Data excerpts
__________________________________________________

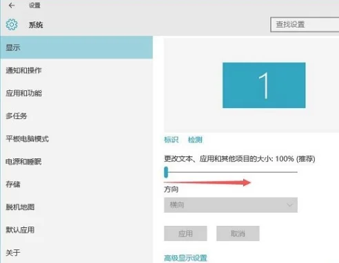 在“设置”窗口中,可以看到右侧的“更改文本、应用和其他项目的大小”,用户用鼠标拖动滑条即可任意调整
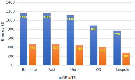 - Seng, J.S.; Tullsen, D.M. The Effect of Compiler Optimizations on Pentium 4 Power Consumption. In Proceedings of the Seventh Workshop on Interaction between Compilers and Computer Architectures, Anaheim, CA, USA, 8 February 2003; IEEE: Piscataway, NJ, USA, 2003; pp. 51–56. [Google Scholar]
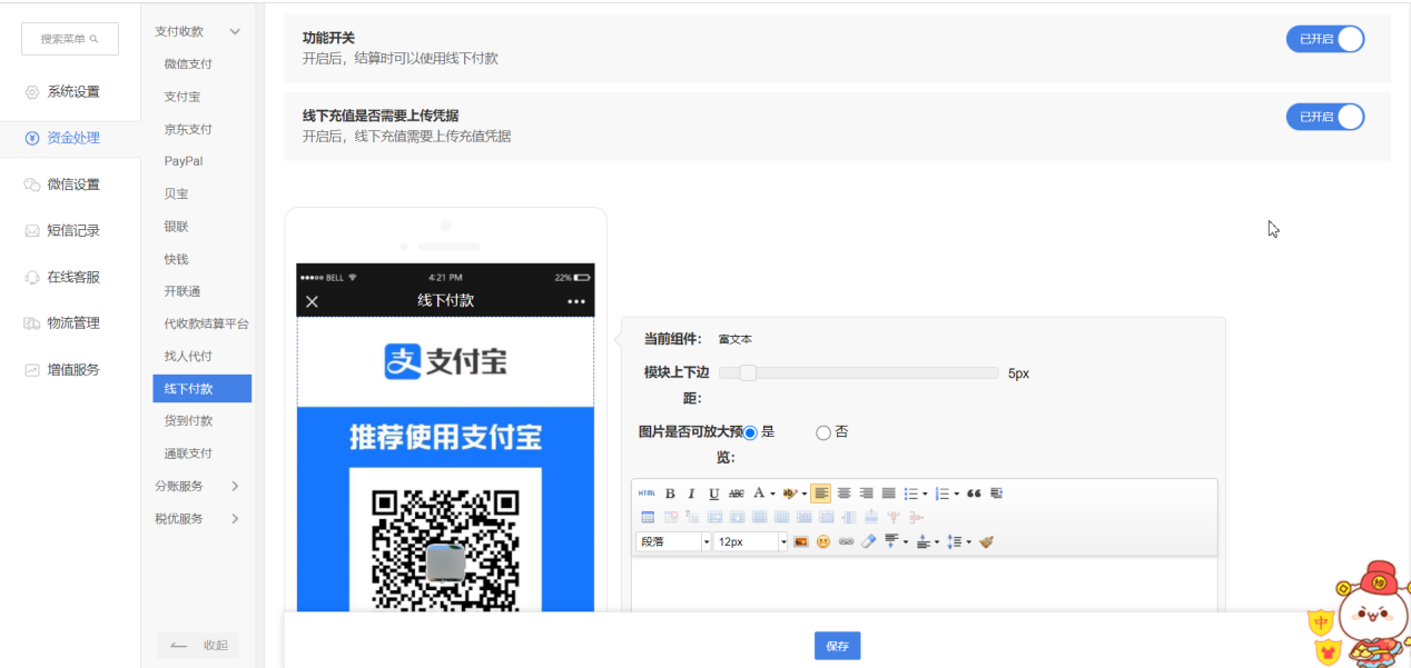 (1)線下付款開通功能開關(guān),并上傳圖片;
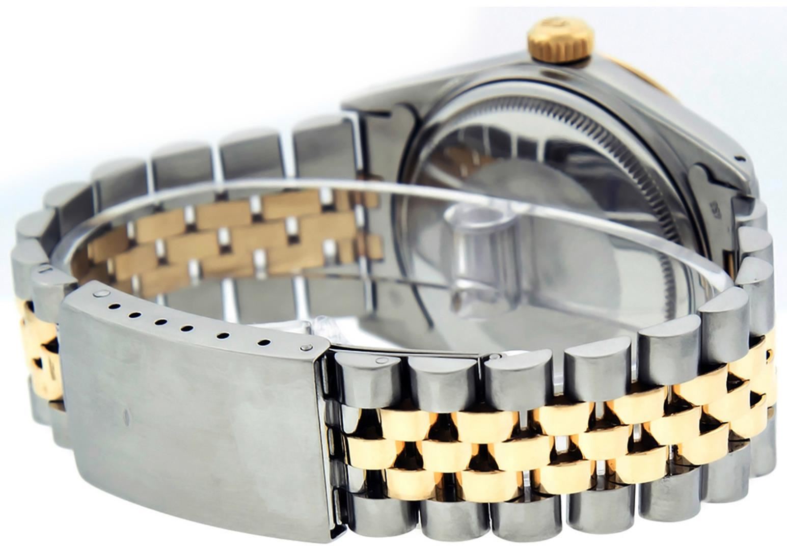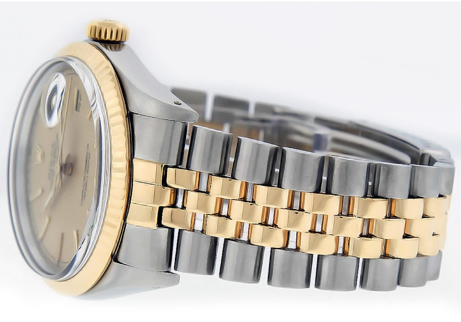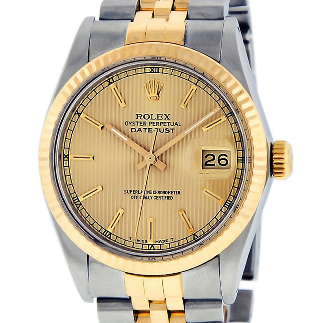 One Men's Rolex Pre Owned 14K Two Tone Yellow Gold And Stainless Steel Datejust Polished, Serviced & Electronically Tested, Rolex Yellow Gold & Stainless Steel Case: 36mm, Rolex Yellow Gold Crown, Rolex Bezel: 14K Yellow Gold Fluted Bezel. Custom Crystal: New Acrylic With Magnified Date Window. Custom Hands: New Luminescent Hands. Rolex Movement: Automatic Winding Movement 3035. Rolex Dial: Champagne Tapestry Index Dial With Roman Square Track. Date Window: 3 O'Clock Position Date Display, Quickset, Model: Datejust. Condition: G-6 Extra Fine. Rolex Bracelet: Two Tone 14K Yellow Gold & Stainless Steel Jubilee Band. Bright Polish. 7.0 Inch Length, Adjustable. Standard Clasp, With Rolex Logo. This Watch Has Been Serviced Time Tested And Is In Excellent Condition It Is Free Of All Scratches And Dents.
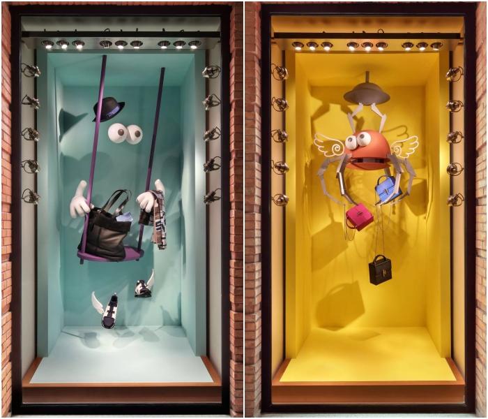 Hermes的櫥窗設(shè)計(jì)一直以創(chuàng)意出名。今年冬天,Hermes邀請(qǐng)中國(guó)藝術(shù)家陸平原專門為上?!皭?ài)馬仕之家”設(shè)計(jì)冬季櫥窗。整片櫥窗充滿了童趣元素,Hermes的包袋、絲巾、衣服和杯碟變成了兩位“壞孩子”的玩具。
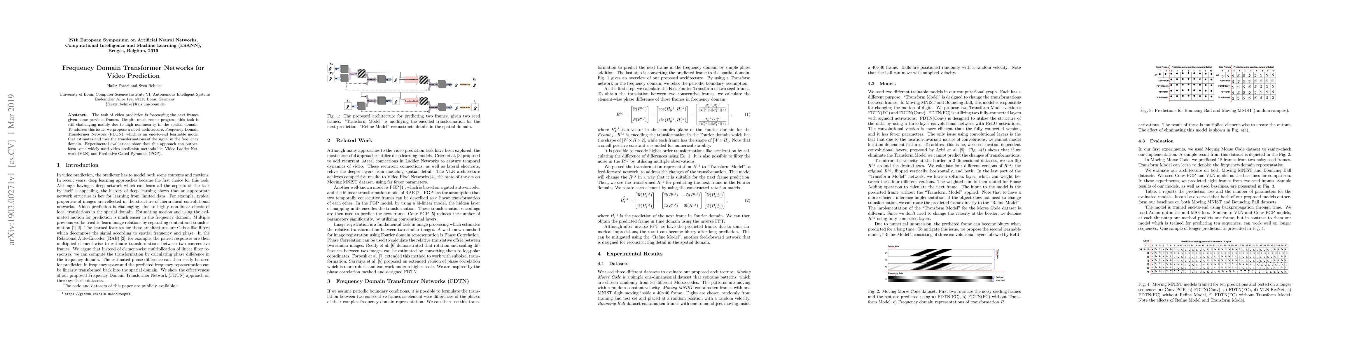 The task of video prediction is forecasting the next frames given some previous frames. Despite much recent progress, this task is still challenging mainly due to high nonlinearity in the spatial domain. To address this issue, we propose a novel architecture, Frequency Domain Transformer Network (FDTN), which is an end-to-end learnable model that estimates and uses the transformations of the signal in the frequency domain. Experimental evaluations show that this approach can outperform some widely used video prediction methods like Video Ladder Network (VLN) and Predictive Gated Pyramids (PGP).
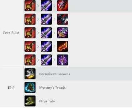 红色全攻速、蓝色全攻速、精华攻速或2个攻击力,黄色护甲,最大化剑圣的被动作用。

__________________________________________________

• INSTRUCTIONS FOR THE TASK: Once the line holding "Hermes的櫥窗設(shè" is found, copy it and each later line exactly through the end of the data, leaving out the pictures.

• RESPONSE FOR THIS EXERCISE:
 Hermes的櫥窗設(shè)計(jì)一直以創(chuàng)意出名。今年冬天,Hermes邀請(qǐng)中國(guó)藝術(shù)家陸平原專門為上?!皭?ài)馬仕之家”設(shè)計(jì)冬季櫥窗。整片櫥窗充滿了童趣元素,Hermes的包袋、絲巾、衣服和杯碟變成了兩位“壞孩子”的玩具。
 The task of video prediction is forecasting the next frames given some previous frames. Despite much recent progress, this task is still challenging mainly due to high nonlinearity in the spatial domain. To address this issue, we propose a novel architecture, Frequency Domain Transformer Network (FDTN), which is an end-to-end learnable model that estimates and uses the transformations of the signal in the frequency domain. Experimental evaluations show that this approach can outperform some widely used video prediction methods like Video Ladder Network (VLN) and Predictive Gated Pyramids (PGP).
 红色全攻速、蓝色全攻速、精华攻速或2个攻击力,黄色护甲,最大化剑圣的被动作用。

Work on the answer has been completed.